The role of GS in current diagnostics of rare and undiagnosed phenotypes is still being determined. In a cohort of individuals with intellectual disabilities and a negative ES, GS led to diagnosis in ~40% due to detection of de novo and structural variants in the exome;12 in such earlier studies, limitations of older ES capture kits may have led to coding variants not being detected. Other publications have estimated that 15–17% of additional diagnoses variants are made on GS, mostly due to detection of variants not amenable to ES.13, 14 Interestingly, in our cohort, GS led to a similar rate of Certain and Likely diagnoses (16%) in the ES negatives and all were due to structural variants that would be not be easily amenable to ES or chromosomal microarrays. We acknowledge that the majority of variants that we detected in this study would have been amenable to GS, but several patients (n = 9) who underwent GS were ultimately resolved by our systematic approach and not by GS. Varying reasons are operative for the negative GS in these individuals, such as the UDN GS laboratory not reporting variants that do not fit the described phenotype well and not reporting variants in genes of uncertain significance.

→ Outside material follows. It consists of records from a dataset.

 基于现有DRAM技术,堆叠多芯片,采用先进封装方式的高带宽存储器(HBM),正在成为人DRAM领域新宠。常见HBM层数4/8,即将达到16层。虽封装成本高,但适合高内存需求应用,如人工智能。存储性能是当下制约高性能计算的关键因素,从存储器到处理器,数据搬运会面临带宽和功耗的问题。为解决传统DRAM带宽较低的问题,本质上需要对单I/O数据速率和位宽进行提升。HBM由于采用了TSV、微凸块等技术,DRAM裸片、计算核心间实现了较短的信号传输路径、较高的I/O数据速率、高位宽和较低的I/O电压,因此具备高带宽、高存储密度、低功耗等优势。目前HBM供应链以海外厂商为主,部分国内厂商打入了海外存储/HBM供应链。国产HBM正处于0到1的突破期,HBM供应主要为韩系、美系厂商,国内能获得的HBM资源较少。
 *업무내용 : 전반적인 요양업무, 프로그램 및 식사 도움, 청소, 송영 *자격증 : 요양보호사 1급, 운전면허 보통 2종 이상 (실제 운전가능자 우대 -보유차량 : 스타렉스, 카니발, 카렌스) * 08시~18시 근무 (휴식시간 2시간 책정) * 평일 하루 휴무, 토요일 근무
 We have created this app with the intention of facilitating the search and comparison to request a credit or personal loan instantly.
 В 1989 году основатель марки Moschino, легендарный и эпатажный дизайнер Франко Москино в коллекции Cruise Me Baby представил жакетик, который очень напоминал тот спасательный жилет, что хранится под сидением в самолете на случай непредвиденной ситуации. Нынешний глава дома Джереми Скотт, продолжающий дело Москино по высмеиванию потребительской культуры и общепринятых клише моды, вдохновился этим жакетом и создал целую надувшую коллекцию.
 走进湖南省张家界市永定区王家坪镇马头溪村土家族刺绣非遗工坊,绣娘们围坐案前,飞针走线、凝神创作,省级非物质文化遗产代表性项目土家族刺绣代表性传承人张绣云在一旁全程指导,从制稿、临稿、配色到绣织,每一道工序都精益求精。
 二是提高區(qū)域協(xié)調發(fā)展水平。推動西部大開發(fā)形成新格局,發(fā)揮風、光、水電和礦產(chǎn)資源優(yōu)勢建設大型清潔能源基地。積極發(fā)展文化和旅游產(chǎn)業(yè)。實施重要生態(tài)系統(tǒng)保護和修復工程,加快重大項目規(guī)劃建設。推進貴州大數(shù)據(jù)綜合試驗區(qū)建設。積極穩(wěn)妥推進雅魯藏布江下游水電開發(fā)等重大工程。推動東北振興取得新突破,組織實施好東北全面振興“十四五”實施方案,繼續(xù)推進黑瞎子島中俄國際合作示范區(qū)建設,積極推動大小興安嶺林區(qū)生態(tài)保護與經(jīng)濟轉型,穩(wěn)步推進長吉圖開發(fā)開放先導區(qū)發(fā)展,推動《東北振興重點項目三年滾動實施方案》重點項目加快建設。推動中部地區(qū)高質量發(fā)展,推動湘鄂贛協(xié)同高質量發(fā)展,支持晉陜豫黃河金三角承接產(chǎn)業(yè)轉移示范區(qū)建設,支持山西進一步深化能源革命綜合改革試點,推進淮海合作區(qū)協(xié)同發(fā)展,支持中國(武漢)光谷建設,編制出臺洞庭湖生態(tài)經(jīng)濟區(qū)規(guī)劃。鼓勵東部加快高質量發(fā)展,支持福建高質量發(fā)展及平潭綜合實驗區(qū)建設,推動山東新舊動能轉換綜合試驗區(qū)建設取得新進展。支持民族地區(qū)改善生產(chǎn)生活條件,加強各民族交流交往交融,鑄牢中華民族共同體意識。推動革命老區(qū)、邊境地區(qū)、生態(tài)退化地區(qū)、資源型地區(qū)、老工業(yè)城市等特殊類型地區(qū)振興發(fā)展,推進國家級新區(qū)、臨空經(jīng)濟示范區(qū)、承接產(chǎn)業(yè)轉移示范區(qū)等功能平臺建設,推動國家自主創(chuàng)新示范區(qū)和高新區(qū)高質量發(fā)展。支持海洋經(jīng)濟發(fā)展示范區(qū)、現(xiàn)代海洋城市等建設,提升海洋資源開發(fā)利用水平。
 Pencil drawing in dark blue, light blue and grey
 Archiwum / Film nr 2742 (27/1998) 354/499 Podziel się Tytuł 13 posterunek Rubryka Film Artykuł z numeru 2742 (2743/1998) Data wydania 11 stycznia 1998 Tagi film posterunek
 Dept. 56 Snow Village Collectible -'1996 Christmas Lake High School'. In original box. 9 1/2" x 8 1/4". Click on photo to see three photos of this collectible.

This further emphasizes the value of using different pipelines in reinterpreting raw data on ES negatives. Establishing collaborations with researchers at their institutions or outside may enable clinicians to utilize a different bioinformatics pipeline for the reanalyses of ES data.

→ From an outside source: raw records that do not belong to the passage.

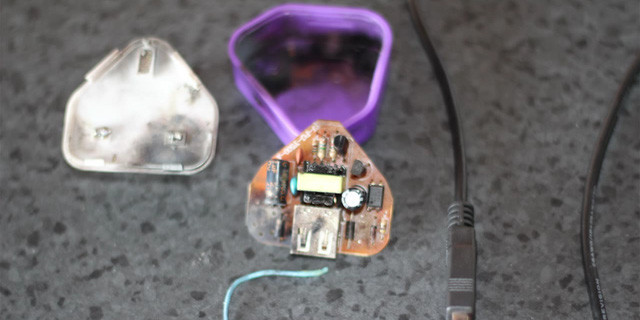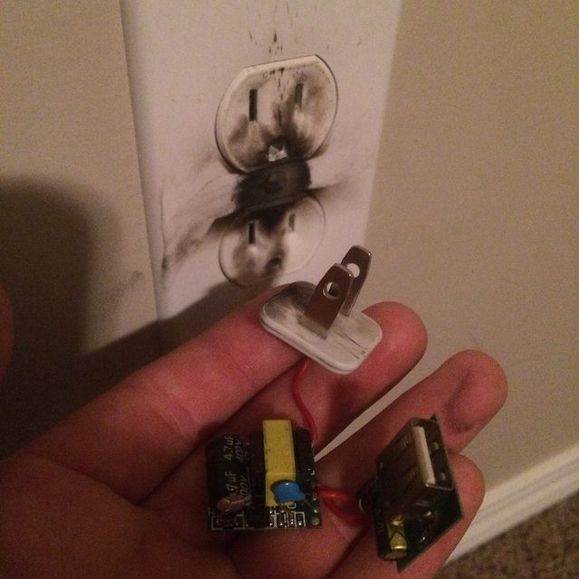 Anh chàng này cho biết sau khi cắm bộ sạc pin mới mua vào ổ điện, anh nghe thấy những tiếng nổ tách tách và sau đó là cháy xém. Rất may là nó đã không phát nổ và gây hỏa hoạn.
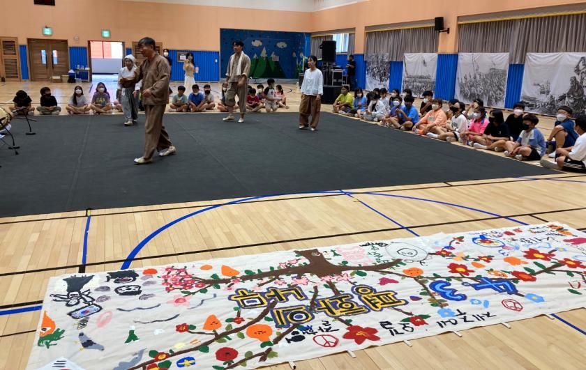 (제주=연합뉴스) 제주도교육청은 제주민예총과 함께 6일 제주시 하도초등학교 학생들을 대상으로 제주 청소년 평화예술제 '찾아가는 청소년 4·3 문화교실'을 운영했다.
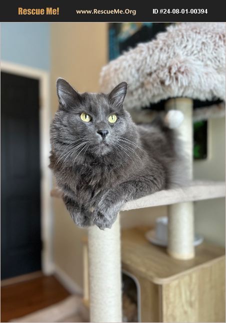 Ivan will be turning 4 years old this year. He is a Maine coon/ blue Russian mix. He is very playful, cuddly, and loves the outdoors via porches or windows! He is leash trained, and has traveled in cars for long periods of time. Ivan loves balls, tunnels, treats, pets, and being carried like a baby. Ivan has gotten along with his pug sister, but new dogs are scary to him. He has met other cats and although he wants to play with them, his 18lbs of fur has been intimidating for them. For his new home, Ivan would best thrive without babies, young children, or large dogs. Ivan needs gabapentin medication prior to vet visits, and has been trialed on daily anti anxiety meds to make sure he does not pee outside of his litter box. (This behavior only started when a baby was introduced into the home, he was litter box trained for 3 years prior). He needs someone who is able to keep up with his meds. In return, he will give you plenty of kitty kisses and purr loudly on your lap.

Twelve individuals in our study have no diagnosis or candidate genes, despite all efforts. A few of these individuals have phenotypes wherein the etiology could be complex (e.g., inflammatory bowel disease, autism, and recurrent fevers) and we propose that such disorders are difficult to solve by sequencing, unless larger cohorts with similar manifestations are accumulated and studied.

In conclusion, a systematic and comprehensive iterative approach to ES negatives that includes ES reanalysis, careful phenotyping, targeted testing, and in select cases GS can result in a high rate of resolution. We recommend that with the high cost, relatively low incremental yield over ES, and complexity of analyses, that GS be utilized only after ES data have been extensively mined and combined with the phenotypic data to maximize its yield. Many aspects of our approach can be implemented in practice. Commercial laboratories could adopt an agnostic approach (which could be easily automatable) to the raw data in ES negatives, so that variants that may be otherwise be filtered out due to stringent settings or phenotypic mismatch would be detected. Clinicians can also update laboratories about interim changes or atypical aspects of the phenotypes and ask about bioinformatically compelling variants that may have been initially unreported due to phenotypic mismatch. Utilizing targeted testing such as Sanger sequencing for disorders that are high in the differential diagnosis is useful; these variants may have been missed on ES, due to various analytical factors, as illustrated by Individuals 16 and 20 in this study. Additionally, considering disorders that are not amenable to ES (e.g., epigenetic disorders) and obtaining a chromosomal microarray (if not previously done) are useful approaches to ES negatives. Finding additional cases through networking such as GeneMatcher are also feasible in clinical practice. As the genomics community faces the challenge of the ES negatives, approaches such as ours provide viable avenues to maximize their resolution.